Fermato un convoglio di terra della Global Sumud Flotilla. Un’astigiana è irreperibile da domenica
“E’ irreperibile telefonicamente da domenica mattina. E’ da ieri intorno alle 9 che non la sento più”. Sono le parole di Aurora Angilletta, sindaco di Albugnano, interpellata pochi minuti fa sulle sorti della sua concittadina Leonarda Alberizia, l’insegnante di 67 anni, che fa parte di un convoglio di terra della Global Sumud Flotilla, bloccato la scorsa settimana mentre stava portando aiuti una tari a Gaza.

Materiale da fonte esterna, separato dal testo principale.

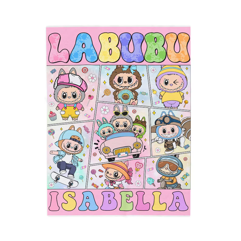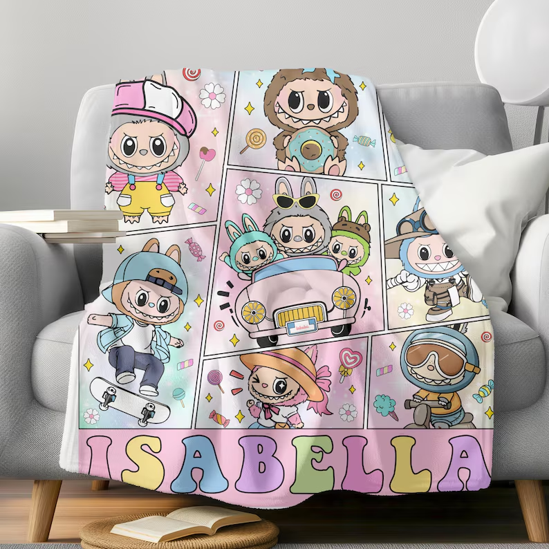 Personalized Funny Labubu Dolls Cartoon Fleece Blanket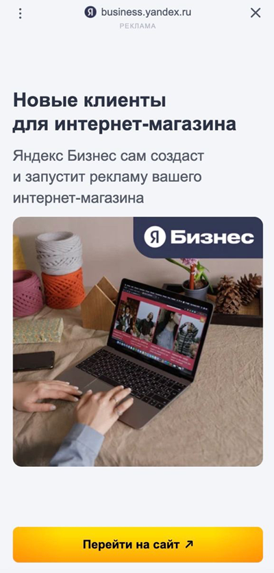• Баннеры с другими шаблонами, в том числе сторонние коды, баннеры Рекламной сети Яндекса и внешних монетизаторов, тоже будут отрисованы на весь экран, а все элементы полноэкранной рекламы будут добавлены автоматически.
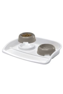 Dvě plastové misky s praktickým podnosem, objem misek 0,5 litrů. Vhodné pro kočky a malá plemena psů.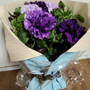 夫からの花のプレゼントが届きました! ずっと気になってたムーンダスト🎵 紫色が妖艶な雰囲気です♥️ 後でフラワーベースに活けるかアレンジメントにするか悩むなぁ~(^-^) 夫に感謝です!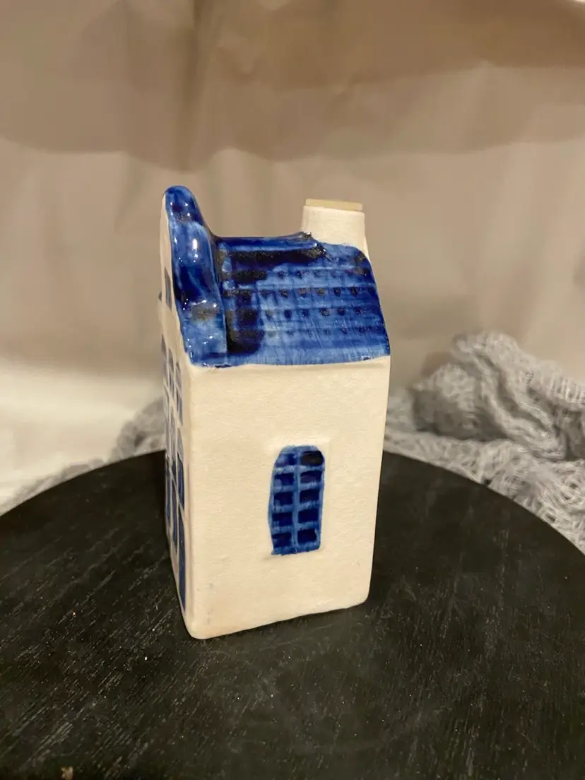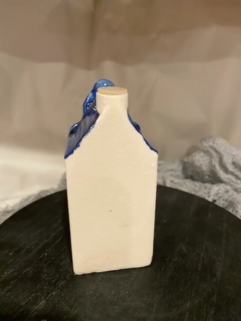 This KLM miniature house looks like a delft holland house but there are no markings so I am labeling it generic blue and white bottle. It is empty which, good thing because I understand the original contents are magical potions of some sort. Anyway, it’s a wee cutie at 4.5” tall and about 2” wide.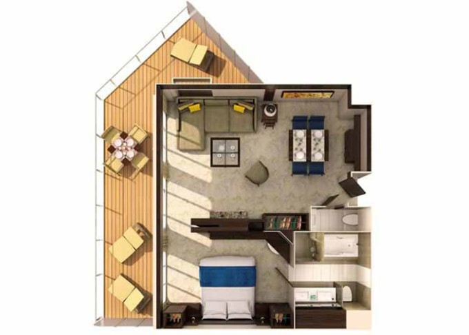 | SL - Sky Loft Suite s balkonem 69 m² / balkon 17 m². 2-podlažní apartmán. Výhody Royal Suite Class. 8/10. paluba. Max 4 osoby. | 132 239 Kč 66 120 Kč za osobu |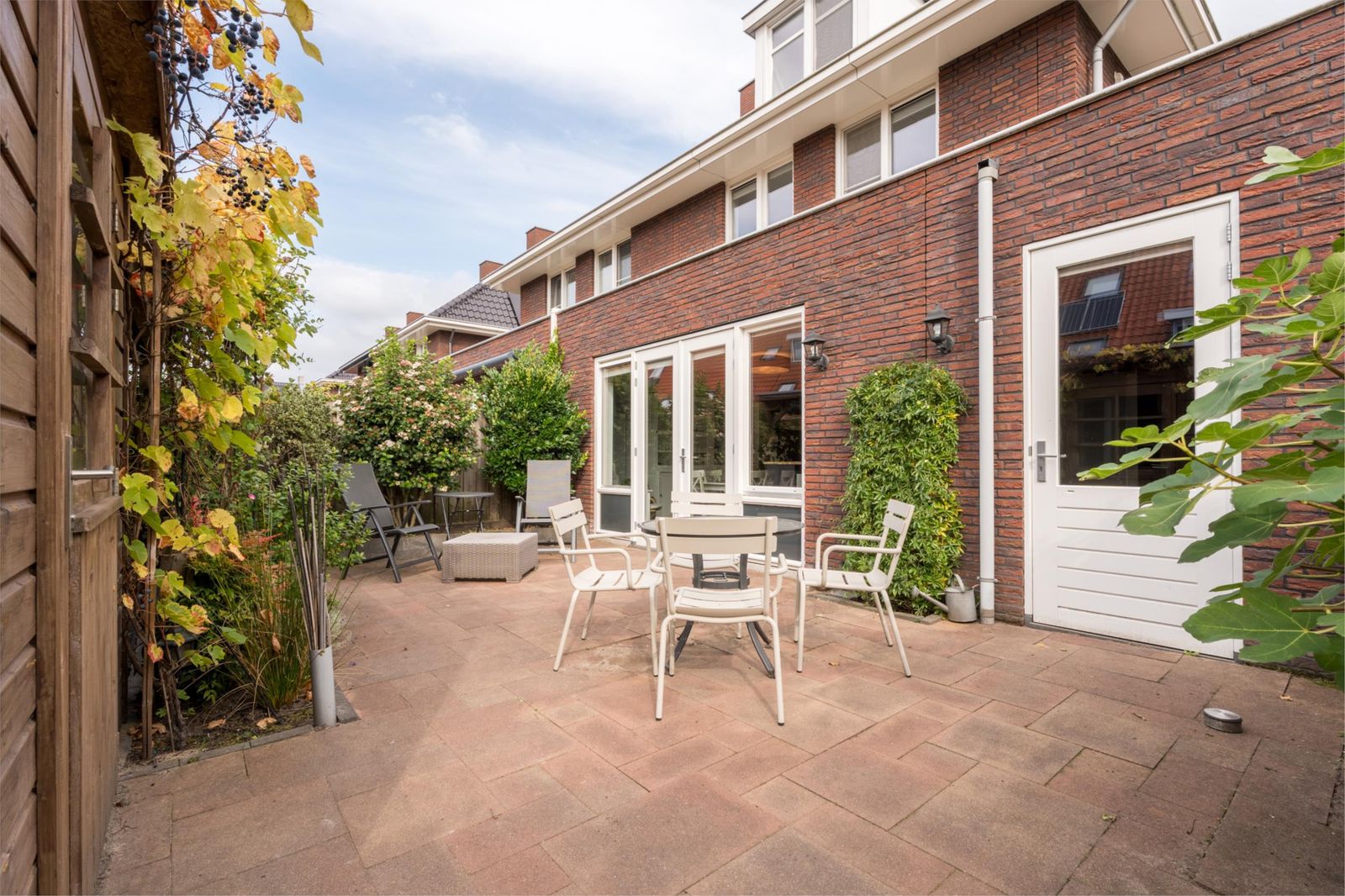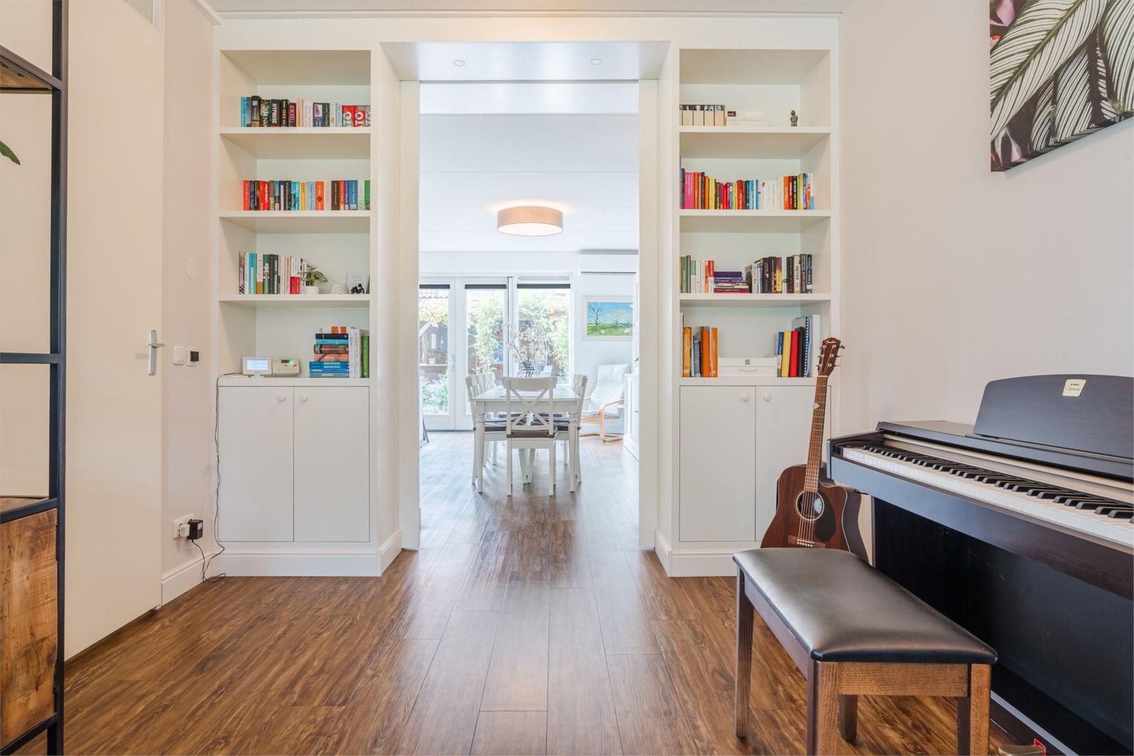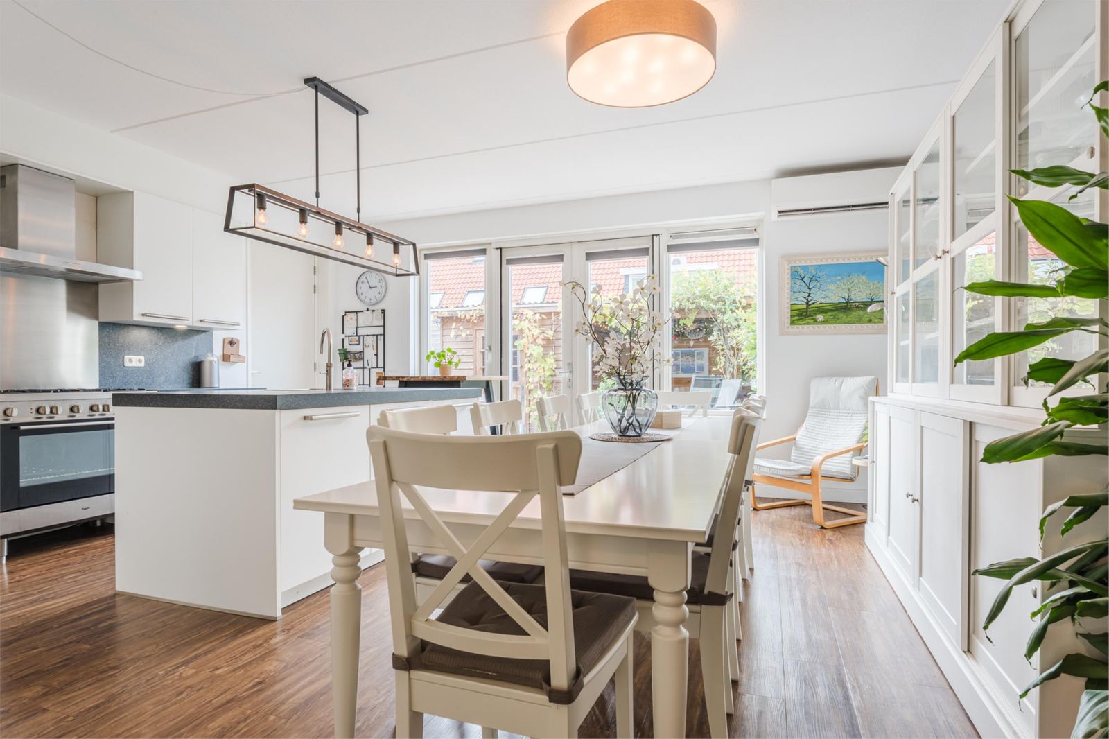 Je stapt binnen in een ruime en lichte hal. De royale woonkamer aan de voorzijde is voorzien van een sfeervolle erker en vaste (boeken)kasten. Via de stijlvolle kamer-en-suite-deuren bereik je de indrukwekkende woonkeuken, die dankzij de uitbouw extra veel leefruimte biedt. De openslaande deuren naar de tuin maken het helemaal af.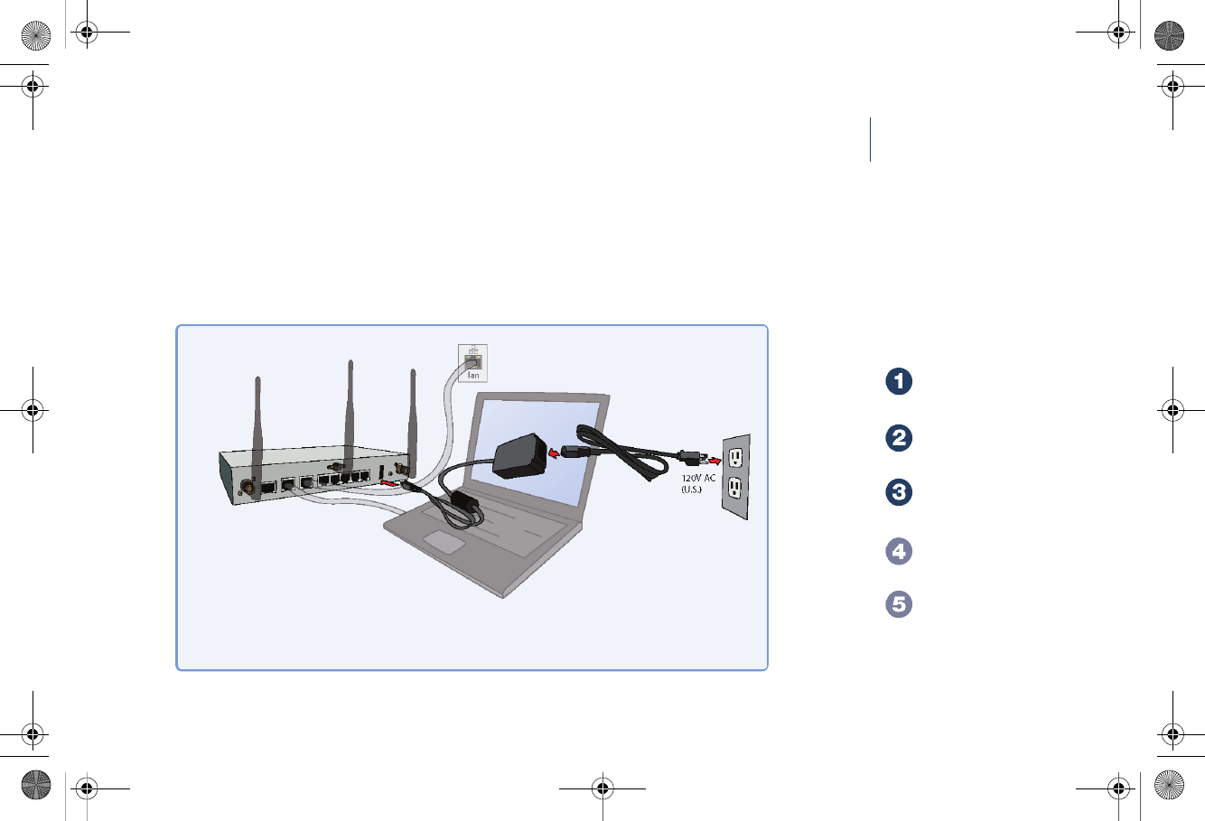 Connect the included power cable and adaptor and plug into a properly grounded 120V AC outlet.

Noi avevamo sentito Alberizia venerdì e ci aveva raccontato che il convoglio di 300 volontari provenienti da 25 Paesi era fermo in una zona neutrale tra la Libia Est e la Libia Ovest: “L’interlocuzione con la Libia Est attraverso la mediazione della Mezzaluna Rossa è stata interrotta, non per nostra scelta”, ci aveva raccontato venerdì mattina.
Poi aveva spiegato che il convoglio sarebbe dovuto comunque ripartire sabato alla volta di Sirte.
Questa mattina, lunedì 25 maggio, la notizia che un gruppo di 10 attivisti del Global Sumud Land Convoy, la missione di terra che sta provando ad aprire un varco umanitario attraverso la Cirenaica verso Gaza, sarebbe stato fermato dai miliziani del generale Khalifa Haftar.
Alcune testate giornalistiche, tra cui l’Ansa che apprende la notizia da un’altra volontaria che si trova lì, riportano tra i fermati i nomi di Domenico Centrone, 33 anni, originario di Molfetta (Bari), e appunto dell’astigiana Dina Alberizia.
“Siamo preoccupati, molto – aggiunge il sindaco di Albugnano -. Sono in attesa di notizie dalla Farnesina”.